3° Que la rue des Capucines, dans le voisinage du Crédit Foncier, est particulièrement surveillée par les agents et que des sapeurs-pompiers, à toute heure du soir et de la nuit, font des rondes dans la cour de l'immeuble.

4° Que les voleurs n'ont pu pénétrer par la porte de la cour, les serrures de sûreté étant incrochetables et ne portant nulle trace de pesée.
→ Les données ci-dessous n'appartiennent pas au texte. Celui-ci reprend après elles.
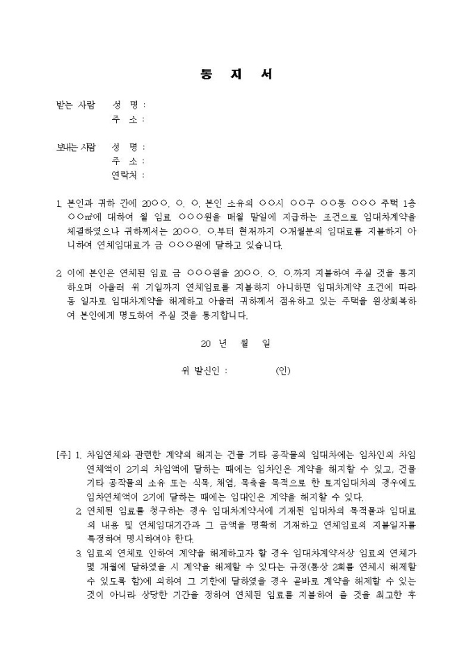 (내용증명)주택임대료에 대한 연체임료청구 및 계약해제를 하려고 할 때
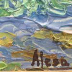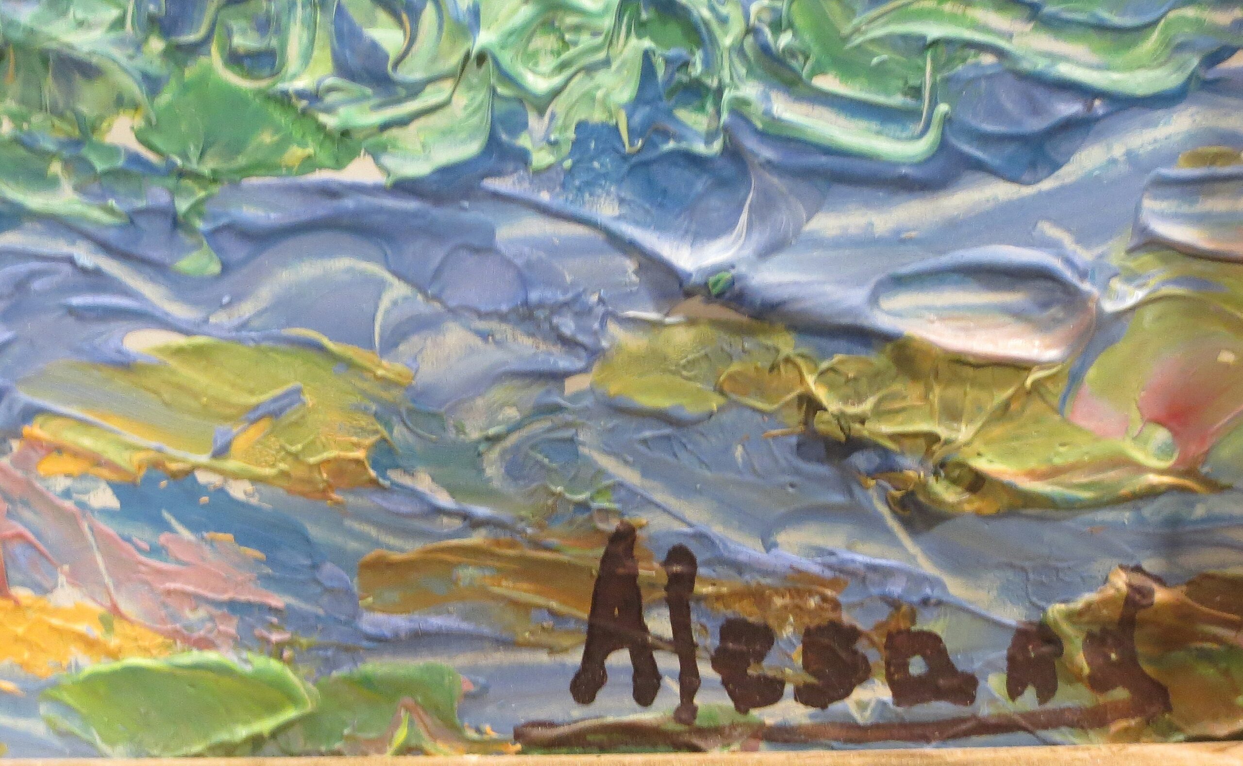 Óleo sobre tabla, con técnica mixta de pincel y paleta firmado por el pintor guiado por las técnicas de Vincent Van Gogh; del siglo XX.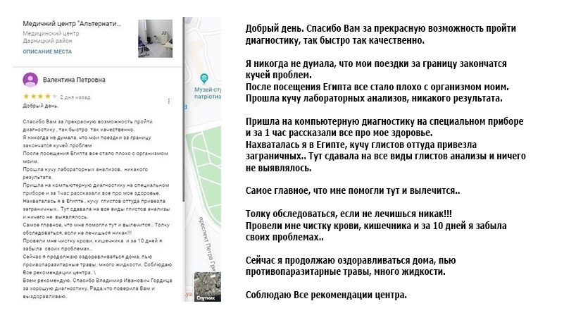 Провели мне чистку крови, кишечника и за 10 дней я забыла своих проблемах.. Сейчас я продолжаю оздоравливаться дома, пью противопаразитарные травы, много жидкости.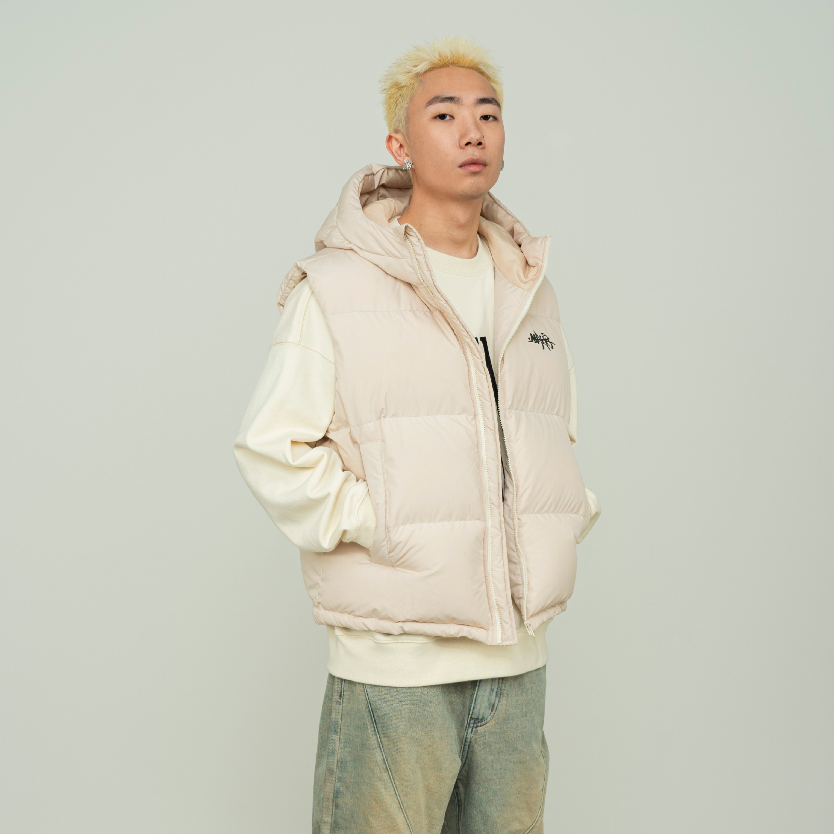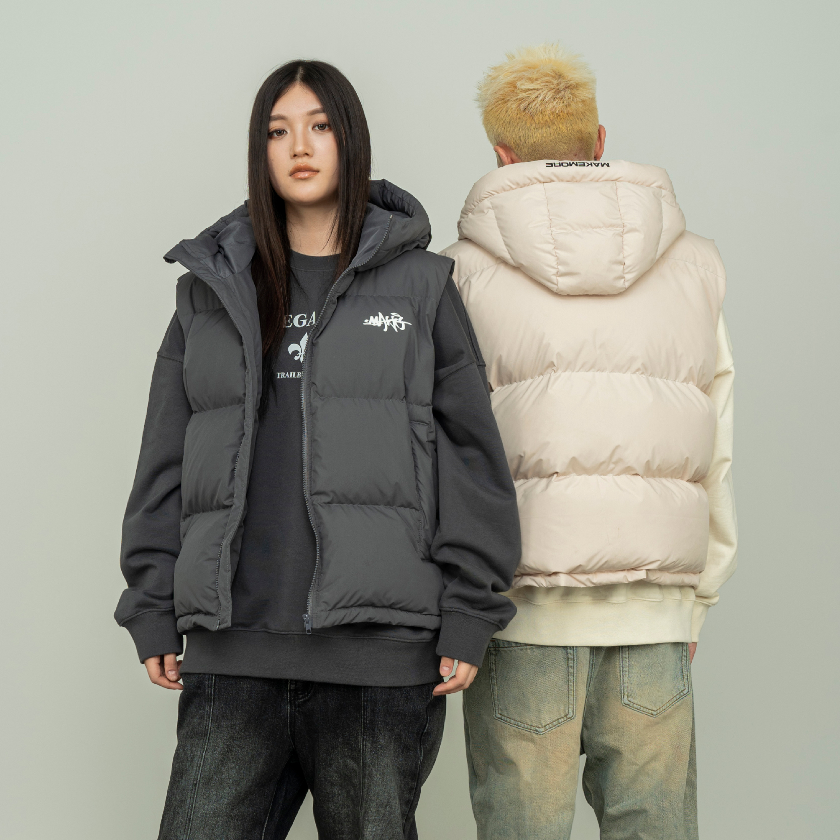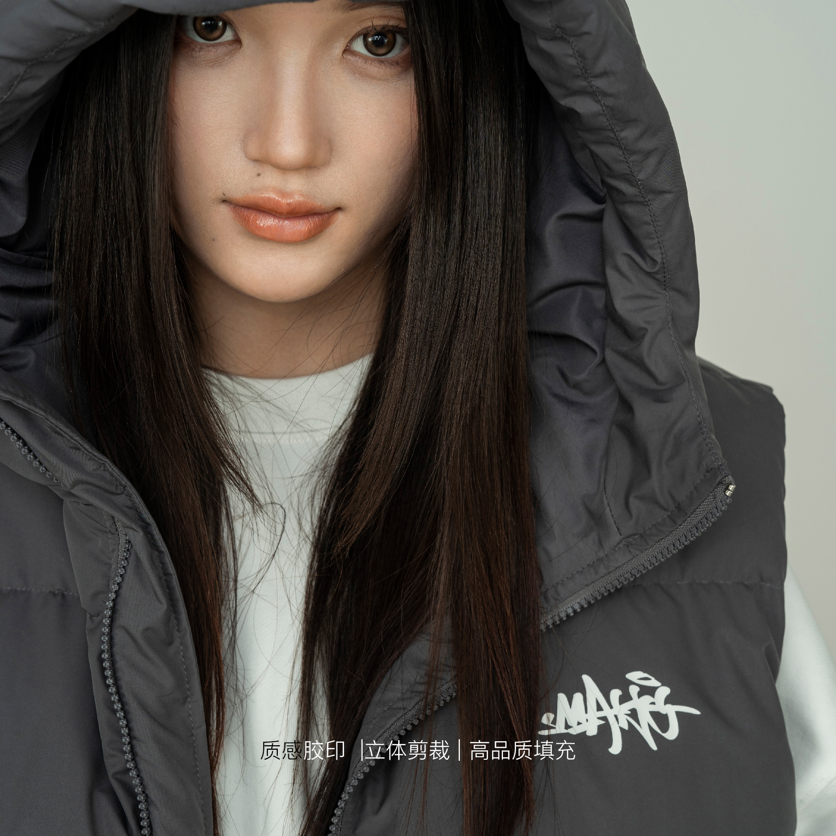 淘高定TB双拉链立领羽绒马甲后背织带男女无袖保暖背心外套休闲外搭

5° Que la porte sur la rue ne peut être ouverte de l'extérieur et que le panneau de bois dont le déplacement a permis la fuite des voleurs ne peut être enlevé que de l'intérieur.

6° Que, dans ces conditions, le vol n'a pu être commis que par quelqu'un du personnel du tailleur. Or, ce personnel, qui est composé de trois jeunes filles et d'un enfant de douze ans, a quitté le magasin avant le patron.

7° Que le vol n'a pas été commis par des professionnels du cambriolage. Cela résulte de différentes constatations et particulièrement de l'emploi d'outils simplistes.

8° Que, parmi ces outils, les uns sont des instruments propres à la profession de tailleur, les autres ont été reconnus par le tailleur comme lui appartenant.

9° Que le cambriolage avait été longuement et minutieusement preparé, puisque le trou a été pratiqué dans le seul endroit où il fût possible, sans obstacle ni résistance.

Pour résumer...

- Résumons, maître, votre logique est implacable et j'ai hâte d'arriver à la conclusion que je redoute...

- Pour résumer, cher ami, les voleurs n'ont pu venir du dehors, le vol n'a pu être commis par le personnel du tailleur, il a été perpétré par des amateurs connaissant les aîtres de la maison... donc...

- Eh bien ? dis-je haletant.

- Eh ! bien, mon cher, pour que de tels soupçons, de telles preuves puissent s'accumuler sur des gens, pour qu'ils se trouvent accablés sous le poids de telles presomptions, de telles marges, c'est...

- C'est ?

- C'est qu'ils sont innocents !... Car il n'est pas admissible que, coupables, ces gens aient commis de pareilles sottises, aient amassé tant de charges faciles à la portée du juge d'instruction...

Et Sherlock-Holmes secoua la cendre de sa pipe de terre.